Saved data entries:
------------

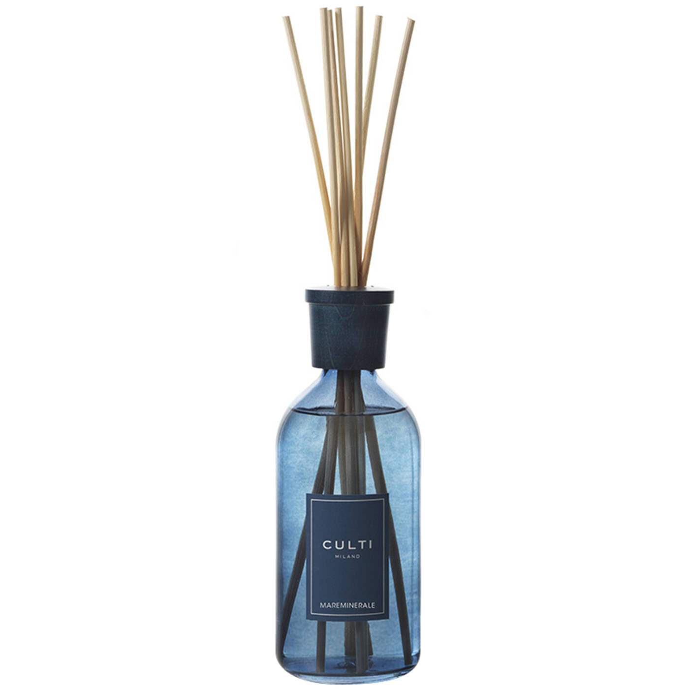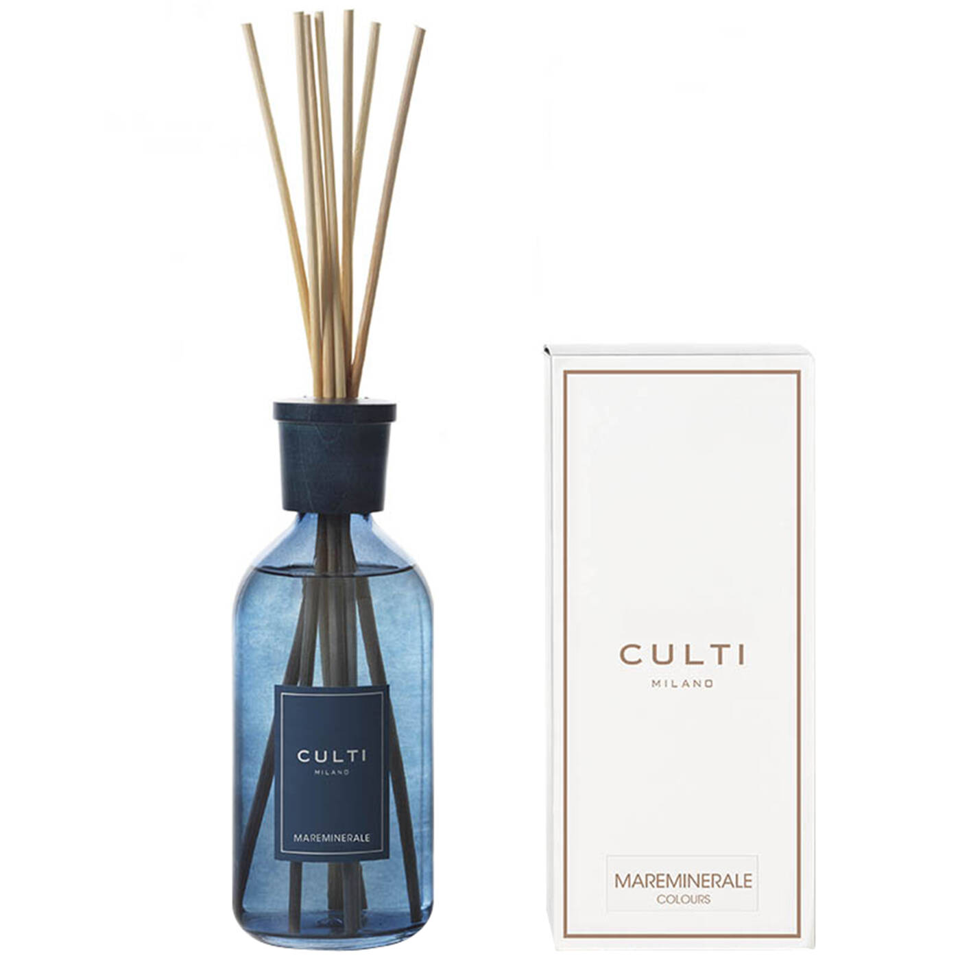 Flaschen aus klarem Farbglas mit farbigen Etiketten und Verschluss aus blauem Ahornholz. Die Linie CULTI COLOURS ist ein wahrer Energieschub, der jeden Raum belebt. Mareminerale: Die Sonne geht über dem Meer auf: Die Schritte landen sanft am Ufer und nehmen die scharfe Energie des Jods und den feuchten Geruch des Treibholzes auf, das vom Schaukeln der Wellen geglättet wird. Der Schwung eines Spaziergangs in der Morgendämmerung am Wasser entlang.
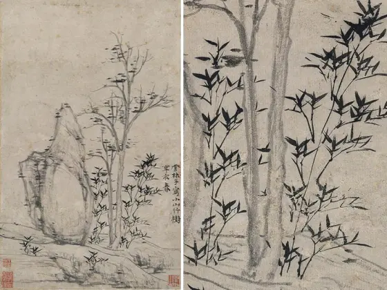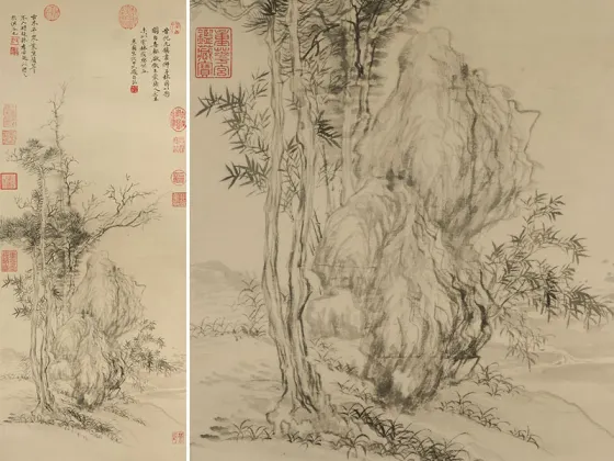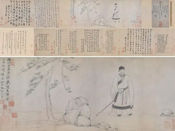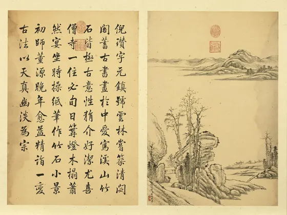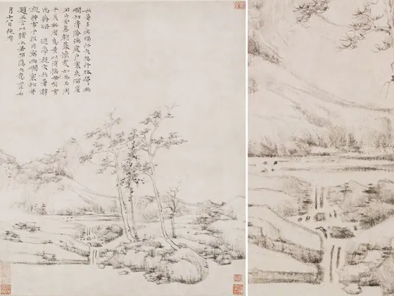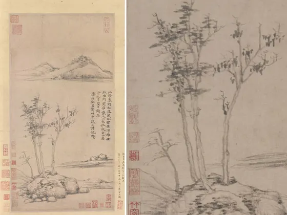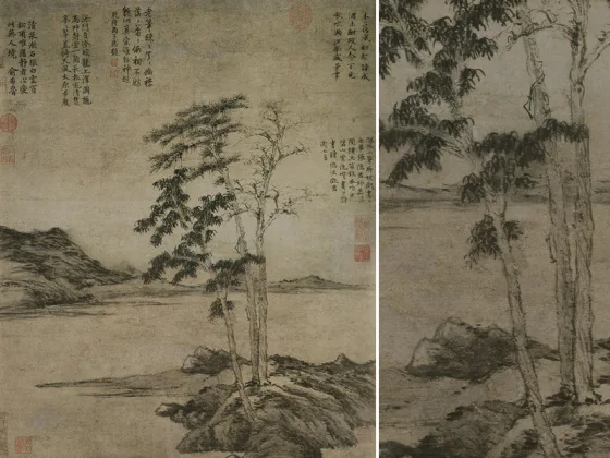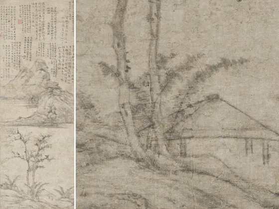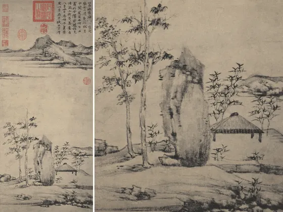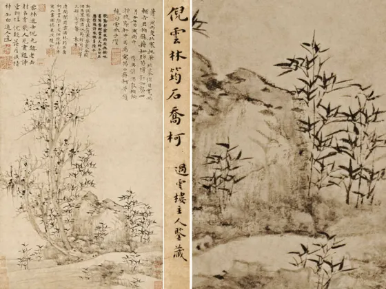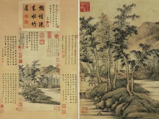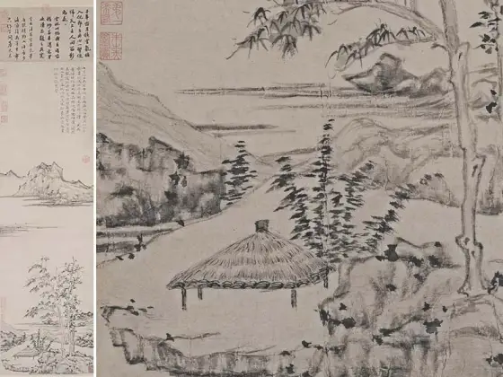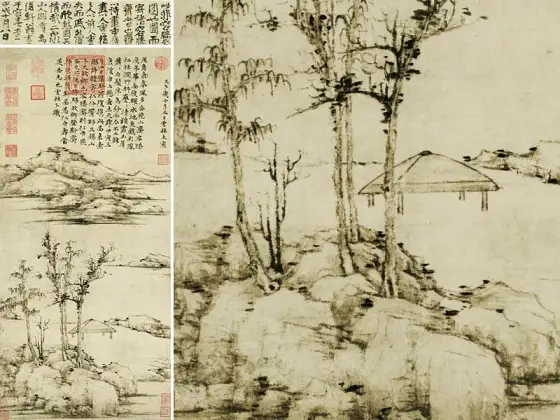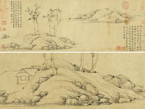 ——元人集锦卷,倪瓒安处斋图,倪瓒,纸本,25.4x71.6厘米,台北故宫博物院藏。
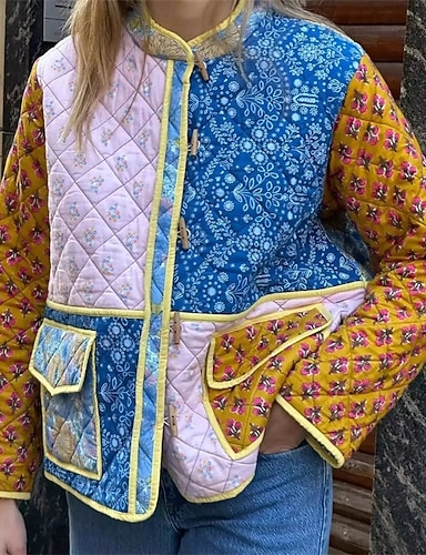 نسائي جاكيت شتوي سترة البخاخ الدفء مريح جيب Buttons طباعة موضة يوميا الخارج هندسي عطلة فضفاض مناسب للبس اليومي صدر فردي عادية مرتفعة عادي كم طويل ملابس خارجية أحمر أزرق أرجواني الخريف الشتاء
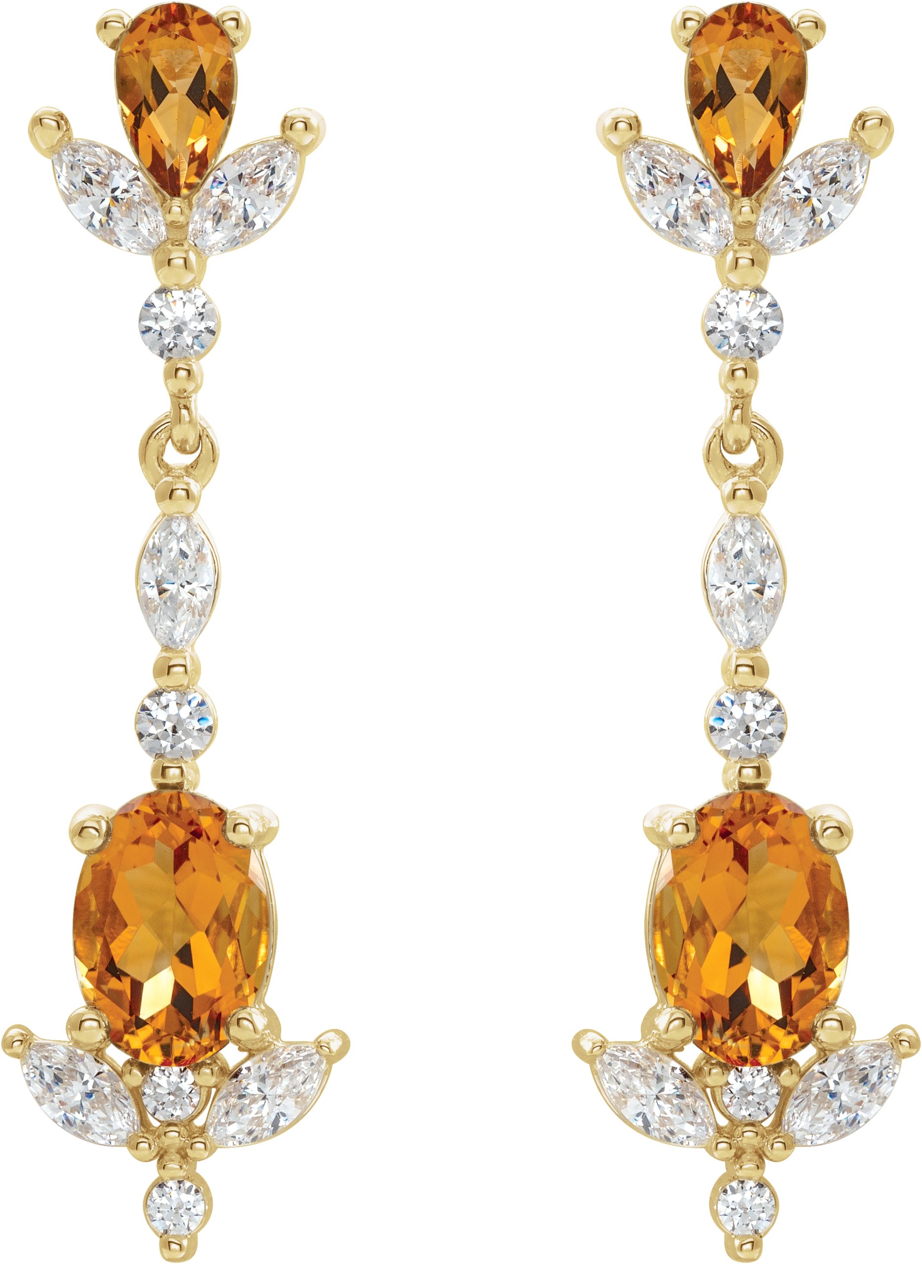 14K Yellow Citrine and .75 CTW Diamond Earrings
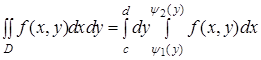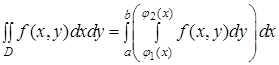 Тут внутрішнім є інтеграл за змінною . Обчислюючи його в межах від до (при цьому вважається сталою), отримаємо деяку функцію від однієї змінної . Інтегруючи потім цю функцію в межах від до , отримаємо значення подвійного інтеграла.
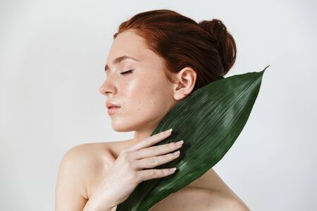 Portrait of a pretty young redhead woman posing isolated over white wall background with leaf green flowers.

------------

▸ REQUIRED WORK
The pictures stay out of the copy. Set down the entries above precisely.

▸ REPLY
 Flaschen aus klarem Farbglas mit farbigen Etiketten und Verschluss aus blauem Ahornholz. Die Linie CULTI COLOURS ist ein wahrer Energieschub, der jeden Raum belebt. Mareminerale: Die Sonne geht über dem Meer auf: Die Schritte landen sanft am Ufer und nehmen die scharfe Energie des Jods und den feuchten Geruch des Treibholzes auf, das vom Schaukeln der Wellen geglättet wird. Der Schwung eines Spaziergangs in der Morgendämmerung am Wasser entlang.
 ——元人集锦卷,倪瓒安处斋图,倪瓒,纸本,25.4x71.6厘米,台北故宫博物院藏。
 نسائي جاكيت شتوي سترة البخاخ الدفء مريح جيب Buttons طباعة موضة يوميا الخارج هندسي عطلة فضفاض مناسب للبس اليومي صدر فردي عادية مرتفعة عادي كم طويل ملابس خارجية أحمر أزرق أرجواني الخريف الشتاء
 14K Yellow Citrine and .75 CTW Diamond Earrings
 Тут внутрішнім є інтеграл за змінною . Обчислюючи його в межах від до (при цьому вважається сталою), отримаємо деяку функцію від однієї змінної . Інтегруючи потім цю функцію в межах від до , отримаємо значення подвійного інтеграла.
 Portrait of a pretty young redhead woman posing isolated over white wall background with leaf green flowers.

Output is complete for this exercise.